Unnamed: 0,AnimalID,OutcomeType,AnimalType,Breed,Color,Sex,SterilizationStatus,Age,Year,Month,Day,Hour,Minute,Mix
0,A671945,3,1,1221,130,0,1,365,2014,2,12,18,22,1
1,A656520,2,0,640,167,1,2,365,2013,10,13,12,44,1
2,A686464,0,1,1066,86,0,1,730,2015,1,31,12,28,1
3,A683430,4,0,640,42,0,0,21,2014,7,11,19,9,1
4,A667013,4,1,914,274,0,1,730,2013,11,15,12,52,0


In [8]:
clf = GridSearchCV(DecisionTreeClassifier(), param_grid={'max_depth':[4,5,6,7,8,9,10,12],
                                                        'min_samples_split':[2, 5, 10, 15, 20, 25],
                                                        'min_samples_leaf':[1, 2, 5, 8, 12, 15, 20]},
                  scoring='log_loss',
                  n_jobs=-1)
clf.fit(train[train.columns[2:]], train.OutcomeType)

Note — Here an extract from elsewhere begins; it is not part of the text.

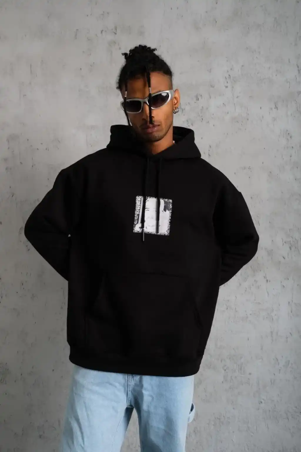 Erkek Double Oversize Kapüşonlu Sweatshirt 3 İplik Pamuklu Göğüs Nakışlı Premium Kalite – Siyah

GridSearchCV(cv=None, error_score='raise',
       estimator=DecisionTreeClassifier(class_weight=None, criterion='gini', max_depth=None,
            max_features=None, max_leaf_nodes=None, min_samples_leaf=1,
            min_samples_split=2, min_weight_fraction_leaf=0.0,
            presort=False, random_state=None, splitter='best'),
       fit_params={}, iid=True, n_jobs=-1,
       param_grid={'min_samples_split': [2, 5, 10, 15, 20, 25], 'max_depth': [4, 5, 6, 7, 8, 9, 10, 12], 'min_samples_leaf': [1, 2, 5, 8, 12, 15, 20]},
       pre_dispatch='2*n_jobs', refit=True, scoring='log_loss', verbose=0)

In [9]:
clf.best_params_

{'max_depth': 5, 'min_samples_leaf': 5, 'min_samples_split': 25}

In [10]:
clf.best_score_

-0.90703987147627374

In [11]:
# predict on test set and write submission file

class_probabilites = clf.predict_proba(test[test.columns[1:]])
submission = 'ID,Adoption,Died,Euthanasia,Return_to_owner,Transfer\n'
for i in range(len(test.ID)):
    submission += str(test.ID[i]) + ',' + ','.join([str(j) for j in class_probabilites[i]]) + '\n'
f = open("submission.csv", "w")
f.write(submission)
f.close()

Notice that it's technically okay if we predict the probability of some classes to be 0, even if we're being evaluated on the logloss. Kaggle replaces 0 probabilities with 10e-15. But when GridSearchCV attempts to score a model with a given parameter set using logloss, it's not replacing any 0 probability class predictions with 10e-15 - which means if we predicted a class with 0 probability, but it turned out to be correct, then our loss will be log(0) = -infinity and there's no way we can recover! This very likely explains why GridSearchCV chose such a relatively large min_samples_split parameter, so that, with high probability, none of the classes have a 0 percent chance of occurring in any of the leaves.